> _Exercise objective_
Whatever appears in the records, write it out again exactly.
-*-
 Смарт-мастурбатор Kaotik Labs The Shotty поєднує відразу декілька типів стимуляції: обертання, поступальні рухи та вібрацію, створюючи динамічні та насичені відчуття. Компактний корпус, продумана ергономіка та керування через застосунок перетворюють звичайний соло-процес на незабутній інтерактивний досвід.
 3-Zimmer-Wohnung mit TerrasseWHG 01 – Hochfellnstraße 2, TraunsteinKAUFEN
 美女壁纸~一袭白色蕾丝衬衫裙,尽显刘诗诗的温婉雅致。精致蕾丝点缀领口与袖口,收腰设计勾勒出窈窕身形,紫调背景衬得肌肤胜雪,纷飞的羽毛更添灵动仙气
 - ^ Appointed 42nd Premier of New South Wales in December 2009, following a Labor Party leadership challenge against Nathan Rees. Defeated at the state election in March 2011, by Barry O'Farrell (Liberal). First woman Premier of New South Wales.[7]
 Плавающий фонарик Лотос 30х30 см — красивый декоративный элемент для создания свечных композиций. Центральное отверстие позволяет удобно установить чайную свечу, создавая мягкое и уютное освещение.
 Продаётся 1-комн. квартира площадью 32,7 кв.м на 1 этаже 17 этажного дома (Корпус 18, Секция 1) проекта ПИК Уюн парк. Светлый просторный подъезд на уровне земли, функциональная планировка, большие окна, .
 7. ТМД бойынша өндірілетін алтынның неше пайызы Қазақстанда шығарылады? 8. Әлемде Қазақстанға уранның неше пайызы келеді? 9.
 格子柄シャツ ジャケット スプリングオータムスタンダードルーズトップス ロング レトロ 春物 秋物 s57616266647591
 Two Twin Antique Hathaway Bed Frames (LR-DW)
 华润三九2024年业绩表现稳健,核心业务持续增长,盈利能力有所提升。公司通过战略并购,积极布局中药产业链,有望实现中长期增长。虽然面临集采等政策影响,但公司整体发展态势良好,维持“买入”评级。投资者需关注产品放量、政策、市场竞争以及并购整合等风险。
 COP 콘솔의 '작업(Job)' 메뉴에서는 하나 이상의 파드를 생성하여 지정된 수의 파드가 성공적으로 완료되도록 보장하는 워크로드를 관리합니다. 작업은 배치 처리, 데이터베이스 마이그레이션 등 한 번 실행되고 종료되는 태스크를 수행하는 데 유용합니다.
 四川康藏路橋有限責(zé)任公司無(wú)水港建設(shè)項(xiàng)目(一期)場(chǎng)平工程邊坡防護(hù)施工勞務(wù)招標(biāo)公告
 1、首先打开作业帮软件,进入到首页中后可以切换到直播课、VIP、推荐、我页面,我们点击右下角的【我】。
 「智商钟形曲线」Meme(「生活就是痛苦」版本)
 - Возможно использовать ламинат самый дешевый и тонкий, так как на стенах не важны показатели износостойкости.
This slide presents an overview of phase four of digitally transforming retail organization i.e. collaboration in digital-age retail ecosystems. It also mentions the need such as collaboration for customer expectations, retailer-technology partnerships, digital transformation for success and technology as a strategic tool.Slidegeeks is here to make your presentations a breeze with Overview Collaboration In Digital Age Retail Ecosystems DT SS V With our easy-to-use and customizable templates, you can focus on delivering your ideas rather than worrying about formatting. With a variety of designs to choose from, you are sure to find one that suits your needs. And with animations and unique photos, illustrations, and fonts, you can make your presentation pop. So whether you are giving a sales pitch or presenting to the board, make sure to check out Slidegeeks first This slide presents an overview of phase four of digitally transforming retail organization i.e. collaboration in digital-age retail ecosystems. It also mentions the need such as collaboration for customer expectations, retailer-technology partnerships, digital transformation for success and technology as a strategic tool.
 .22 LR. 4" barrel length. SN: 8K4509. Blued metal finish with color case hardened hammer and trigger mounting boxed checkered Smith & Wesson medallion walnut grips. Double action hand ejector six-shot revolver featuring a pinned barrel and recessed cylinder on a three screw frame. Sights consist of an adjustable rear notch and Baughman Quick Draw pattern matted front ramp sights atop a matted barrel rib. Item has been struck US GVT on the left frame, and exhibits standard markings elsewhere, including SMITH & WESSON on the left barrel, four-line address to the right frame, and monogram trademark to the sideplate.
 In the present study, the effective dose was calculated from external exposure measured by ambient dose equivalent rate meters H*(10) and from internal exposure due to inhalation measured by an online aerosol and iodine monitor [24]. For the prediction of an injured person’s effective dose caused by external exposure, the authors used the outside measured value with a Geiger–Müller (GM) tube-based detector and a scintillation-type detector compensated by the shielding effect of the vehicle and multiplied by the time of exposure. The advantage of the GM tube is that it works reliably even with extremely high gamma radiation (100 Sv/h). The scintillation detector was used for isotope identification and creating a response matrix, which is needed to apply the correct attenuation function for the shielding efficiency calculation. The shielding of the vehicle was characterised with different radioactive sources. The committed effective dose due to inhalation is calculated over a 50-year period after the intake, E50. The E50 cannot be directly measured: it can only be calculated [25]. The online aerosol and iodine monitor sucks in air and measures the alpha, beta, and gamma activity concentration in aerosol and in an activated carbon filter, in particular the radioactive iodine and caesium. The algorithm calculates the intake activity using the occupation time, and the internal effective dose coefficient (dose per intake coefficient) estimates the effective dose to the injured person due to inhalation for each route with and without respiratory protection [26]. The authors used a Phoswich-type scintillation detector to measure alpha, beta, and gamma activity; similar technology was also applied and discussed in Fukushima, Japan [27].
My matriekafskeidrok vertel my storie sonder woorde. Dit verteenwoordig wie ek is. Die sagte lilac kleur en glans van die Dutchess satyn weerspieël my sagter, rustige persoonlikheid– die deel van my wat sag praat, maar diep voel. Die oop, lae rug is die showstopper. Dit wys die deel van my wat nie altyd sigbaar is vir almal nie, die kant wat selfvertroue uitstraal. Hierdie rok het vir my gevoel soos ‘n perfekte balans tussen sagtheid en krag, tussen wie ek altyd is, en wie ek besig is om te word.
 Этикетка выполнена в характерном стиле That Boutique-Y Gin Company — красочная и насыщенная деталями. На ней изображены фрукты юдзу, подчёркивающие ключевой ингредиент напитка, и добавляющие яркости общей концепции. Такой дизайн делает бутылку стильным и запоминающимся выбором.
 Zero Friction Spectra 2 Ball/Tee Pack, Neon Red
-*-
> _Written answer_
 Смарт-мастурбатор Kaotik Labs The Shotty поєднує відразу декілька типів стимуляції: обертання, поступальні рухи та вібрацію, створюючи динамічні та насичені відчуття. Компактний корпус, продумана ергономіка та керування через застосунок перетворюють звичайний соло-процес на незабутній інтерактивний досвід.
 3-Zimmer-Wohnung mit TerrasseWHG 01 – Hochfellnstraße 2, TraunsteinKAUFEN
 美女壁纸~一袭白色蕾丝衬衫裙,尽显刘诗诗的温婉雅致。精致蕾丝点缀领口与袖口,收腰设计勾勒出窈窕身形,紫调背景衬得肌肤胜雪,纷飞的羽毛更添灵动仙气
 - ^ Appointed 42nd Premier of New South Wales in December 2009, following a Labor Party leadership challenge against Nathan Rees. Defeated at the state election in March 2011, by Barry O'Farrell (Liberal). First woman Premier of New South Wales.[7]
 Плавающий фонарик Лотос 30х30 см — красивый декоративный элемент для создания свечных композиций. Центральное отверстие позволяет удобно установить чайную свечу, создавая мягкое и уютное освещение.
 Продаётся 1-комн. квартира площадью 32,7 кв.м на 1 этаже 17 этажного дома (Корпус 18, Секция 1) проекта ПИК Уюн парк. Светлый просторный подъезд на уровне земли, функциональная планировка, большие окна, .
 7. ТМД бойынша өндірілетін алтынның неше пайызы Қазақстанда шығарылады? 8. Әлемде Қазақстанға уранның неше пайызы келеді? 9.
 格子柄シャツ ジャケット スプリングオータムスタンダードルーズトップス ロング レトロ 春物 秋物 s57616266647591
 Two Twin Antique Hathaway Bed Frames (LR-DW)
 华润三九2024年业绩表现稳健,核心业务持续增长,盈利能力有所提升。公司通过战略并购,积极布局中药产业链,有望实现中长期增长。虽然面临集采等政策影响,但公司整体发展态势良好,维持“买入”评级。投资者需关注产品放量、政策、市场竞争以及并购整合等风险。
 COP 콘솔의 '작업(Job)' 메뉴에서는 하나 이상의 파드를 생성하여 지정된 수의 파드가 성공적으로 완료되도록 보장하는 워크로드를 관리합니다. 작업은 배치 처리, 데이터베이스 마이그레이션 등 한 번 실행되고 종료되는 태스크를 수행하는 데 유용합니다.
 四川康藏路橋有限責(zé)任公司無(wú)水港建設(shè)項(xiàng)目(一期)場(chǎng)平工程邊坡防護(hù)施工勞務(wù)招標(biāo)公告
 1、首先打开作业帮软件,进入到首页中后可以切换到直播课、VIP、推荐、我页面,我们点击右下角的【我】。
 「智商钟形曲线」Meme(「生活就是痛苦」版本)
 - Возможно использовать ламинат самый дешевый и тонкий, так как на стенах не важны показатели износостойкости.
This slide presents an overview of phase four of digitally transforming retail organization i.e. collaboration in digital-age retail ecosystems. It also mentions the need such as collaboration for customer expectations, retailer-technology partnerships, digital transformation for success and technology as a strategic tool.Slidegeeks is here to make your presentations a breeze with Overview Collaboration In Digital Age Retail Ecosystems DT SS V With our easy-to-use and customizable templates, you can focus on delivering your ideas rather than worrying about formatting. With a variety of designs to choose from, you are sure to find one that suits your needs. And with animations and unique photos, illustrations, and fonts, you can make your presentation pop. So whether you are giving a sales pitch or presenting to the board, make sure to check out Slidegeeks first This slide presents an overview of phase four of digitally transforming retail organization i.e. collaboration in digital-age retail ecosystems. It also mentions the need such as collaboration for customer expectations, retailer-technology partnerships, digital transformation for success and technology as a strategic tool.
 .22 LR. 4" barrel length. SN: 8K4509. Blued metal finish with color case hardened hammer and trigger mounting boxed checkered Smith & Wesson medallion walnut grips. Double action hand ejector six-shot revolver featuring a pinned barrel and recessed cylinder on a three screw frame. Sights consist of an adjustable rear notch and Baughman Quick Draw pattern matted front ramp sights atop a matted barrel rib. Item has been struck US GVT on the left frame, and exhibits standard markings elsewhere, including SMITH & WESSON on the left barrel, four-line address to the right frame, and monogram trademark to the sideplate.
 In the present study, the effective dose was calculated from external exposure measured by ambient dose equivalent rate meters H*(10) and from internal exposure due to inhalation measured by an online aerosol and iodine monitor [24]. For the prediction of an injured person’s effective dose caused by external exposure, the authors used the outside measured value with a Geiger–Müller (GM) tube-based detector and a scintillation-type detector compensated by the shielding effect of the vehicle and multiplied by the time of exposure. The advantage of the GM tube is that it works reliably even with extremely high gamma radiation (100 Sv/h). The scintillation detector was used for isotope identification and creating a response matrix, which is needed to apply the correct attenuation function for the shielding efficiency calculation. The shielding of the vehicle was characterised with different radioactive sources. The committed effective dose due to inhalation is calculated over a 50-year period after the intake, E50. The E50 cannot be directly measured: it can only be calculated [25]. The online aerosol and iodine monitor sucks in air and measures the alpha, beta, and gamma activity concentration in aerosol and in an activated carbon filter, in particular the radioactive iodine and caesium. The algorithm calculates the intake activity using the occupation time, and the internal effective dose coefficient (dose per intake coefficient) estimates the effective dose to the injured person due to inhalation for each route with and without respiratory protection [26]. The authors used a Phoswich-type scintillation detector to measure alpha, beta, and gamma activity; similar technology was also applied and discussed in Fukushima, Japan [27].
My matriekafskeidrok vertel my storie sonder woorde. Dit verteenwoordig wie ek is. Die sagte lilac kleur en glans van die Dutchess satyn weerspieël my sagter, rustige persoonlikheid– die deel van my wat sag praat, maar diep voel. Die oop, lae rug is die showstopper. Dit wys die deel van my wat nie altyd sigbaar is vir almal nie, die kant wat selfvertroue uitstraal. Hierdie rok het vir my gevoel soos ‘n perfekte balans tussen sagtheid en krag, tussen wie ek altyd is, en wie ek besig is om te word.
 Этикетка выполнена в характерном стиле That Boutique-Y Gin Company — красочная и насыщенная деталями. На ней изображены фрукты юдзу, подчёркивающие ключевой ингредиент напитка, и добавляющие яркости общей концепции. Такой дизайн делает бутылку стильным и запоминающимся выбором.
 Zero Friction Spectra 2 Ball/Tee Pack, Neon Red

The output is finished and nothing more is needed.